There is always talk of the need and benefits to attracting more people to the northern half of the country; reducing population density, improving environmental care, creating new jobs and expanding sustainable agriculture industries are just a few of the drawcards.
Now, architects and engineers at the company Ecoscape have earmarked Lake Argyle in the East Kimberley as a potential capital city for the future heart of the nation.
Lake Argyle is actually a dam created by the stemming of the Ord River in the nineteen-sixties.
It currently includes a population of 20,000 crocodiles and around a dozen humans on its banks.
But Ecoscape says Lake Argyle could become a northern capital capable of sustaining a population of 150,000 people.
Their plans include an international airport, clean energy supply, recycled water, integrated public transport and other ideas tailored to the needs of what could be Australia’s most isolated city.
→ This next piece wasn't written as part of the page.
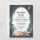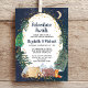 Convite à chá de fraldas de casais russos com uma ilustração fofa de animais da floresta com a tenda acampada nas montanhas e na floresta, uma camada de estrelas de ouro e lua num céu noturno e "Aventura Aguarda" e os nomes da mãe e do pai num roteiro azul escuro da meia-noite.
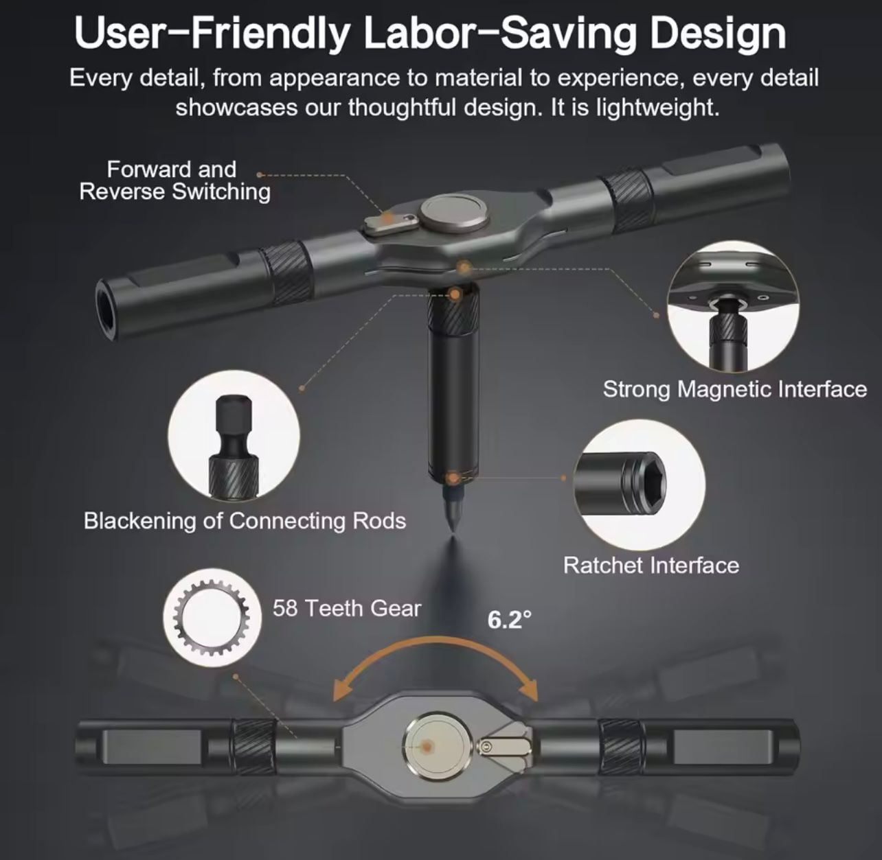 【Flexible Ratchet Design】: Adopts 6.2-degree ratchet, front and rear 58-gear ratchet structure design, torque 50N.m/50kgf, saving 80% of effort, and there is no need to adjust the wrist position; In addition, it can be flexibly disassembled and combined, the use can be converted, and it can be used as a screwdriver or a small wrench, very convenient and practical.

Speaking to the ABC, Ecoscape environmental scientist David Kaesehagen said Lake Argyle is an ideal combination of the perfect opportunity and beautiful scenery.
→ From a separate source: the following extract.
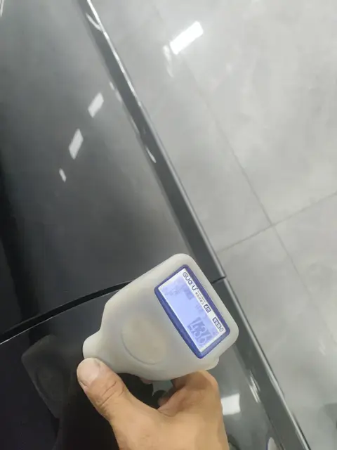 在检测过程中,发现该车的发动机盖存在变形的情况,中网破损,前保险杠有过喷漆修复,左前门和左后门有凹陷,右前门和右后门做过喷漆修复,左前轮毂和右前轮毂有剐蹭,左后轮毂和右后轮毂有剐蹭,右前翼子板和右后翼子板做过喷漆修复,前风挡玻璃有击伤,左后尾灯和右后尾灯有划痕,四门内饰板有瑕疵等情况,这些都是属于车身瑕疵,但不影响整体的使用。

“We started looking at... how you'd build a new, modern, sustainable city which looks at using modern technology and meets the challenges of particularly hot environments,” Kaesehagen said.
“[Lake Argyle has] industries around it, it’s got mining and agribusiness, it’s got a whole range of different industries which can attract and hold people, so the place itself has got such intrinsic beauty that that works to glue people to place.
“There are so many opportunities here, there are more than 70 islands here, you can imagine resorts on different islands, you can imagine Australians really enjoying themselves in this beautiful part of the country.
“Not many people get to experience it, and those that do ... find it breath-taking, so I can sort of see this place as a great site for a conurbation of some sort, imagine it.”